We do not need to run out of all oil for civilization to crash...and indeed we never will.  Oil depletion is in fact an asymptote, not an actual condition we will ever encounter.

But running out of cheap oil is another matter entirely.  That is in fact in our near future.  And that will spell the end of our civilization and political institutions as we know them today.  America--and the rest of the industrial world--cannot exist without cheap energy.  Every advance our civilization has made has been predicated on our ability to utilize ever-greater amounts of energy.

Silk

In my opinion the pessamistic outlook on life is one of the greatest things about humanity, because its that attitude of life "could" be better has been the true driving force for humanitys development because people keep wanting things better, so they make it better, would the Xbox360 exist if everyone was quite happy to pay the same price for the Xbox at this stage for example? Then look at everything else, its the pessamistic and wanting to improve outlook on peoples lives that make these developments happen, because without it there would be no motivation behind it, this motivation to improve is why i think the oil crash will not be as bad as people assume.

The Overlord

Quote from: Zakharra on February 25, 2009, 10:54:01 AM
If America is that badly off. Mexico would be even worse off.

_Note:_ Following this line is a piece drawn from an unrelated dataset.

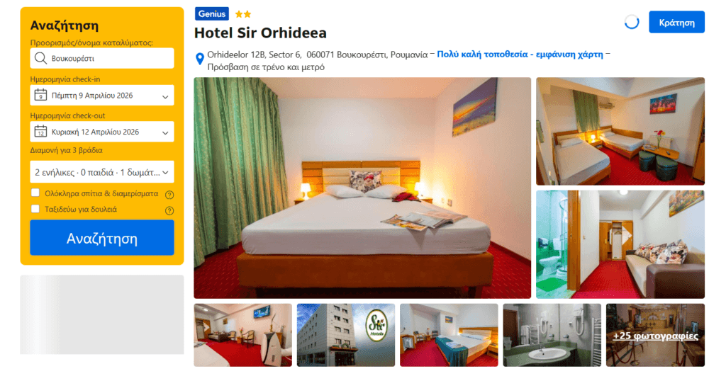 Για τη διαμονή σας εντοπίσαμε το ξενοδοχείο 2* Hotel Sir Orhideea, που βρίσκεται κοντά στο κέντρο του Βουκουρεστίου, έχοντας εύκολη πρόσβαση στις συγκοινωνίες. Το κόστος ενός δωματίου για 4 βράδια είναι 133€ με δυνατότητα δωρεάν ακύρωσης έως 1 μέρα πριν το ταξίδι. Το συγκεκριμένο δωμάτιο είναι δίκλινο (2 μονά κρεβάτια). Υπάρχει και διαθεσιμότητα δωματίων με διπλό κρεβάτι με μικρή διαφορά τιμής. Η αξιολόγησή του στην booking είναι 8.6/10.

I wouldn't be concerned about Mexico. That good old Texas pride that sometimes comes a little too close to arrogance for the other 49 states will pay off then; their former northern territory will be bristling with guns and attitude aplenty just daring them to come back in and try to take it.

Diverting west won't help either; the deserts of Arizona kills migrants now that try to cross it and avoid checkpoints. Try rolling an army through that when US forces are waiting for you on the other end. Good luck with that Pablo...

OldSchoolGamer

I doubt we're going to see an organized, state-sponsored attempt by Mexico to take American territory.  What I'm envisioning is more along the lines of mass migration...a slower, gentler but still very powerful demographic shift.

The Overlord

Quote from: TyTheDnDGuy on February 26, 2009, 07:13:26 PM
I doubt we're going to see an organized, state-sponsored attempt by Mexico to take American territory.  What I'm envisioning is more along the lines of mass migration...a slower, gentler but still very powerful demographic shift.

Of course we've been seeing that for years; the migration, it just hasn't become en masse yet.


A recent article I read, one of several that suggests climate change is occurring faster and more drastically then we predicted, implies that that's where the true migrations will begin.

As the equatorial nations heat and become less habitable, migrations toward the temperate regions and poles will begin. The problem is, the numbers involved; millions or even billions of migrants worldwide, can't be managed in the relatively short time that it will occur.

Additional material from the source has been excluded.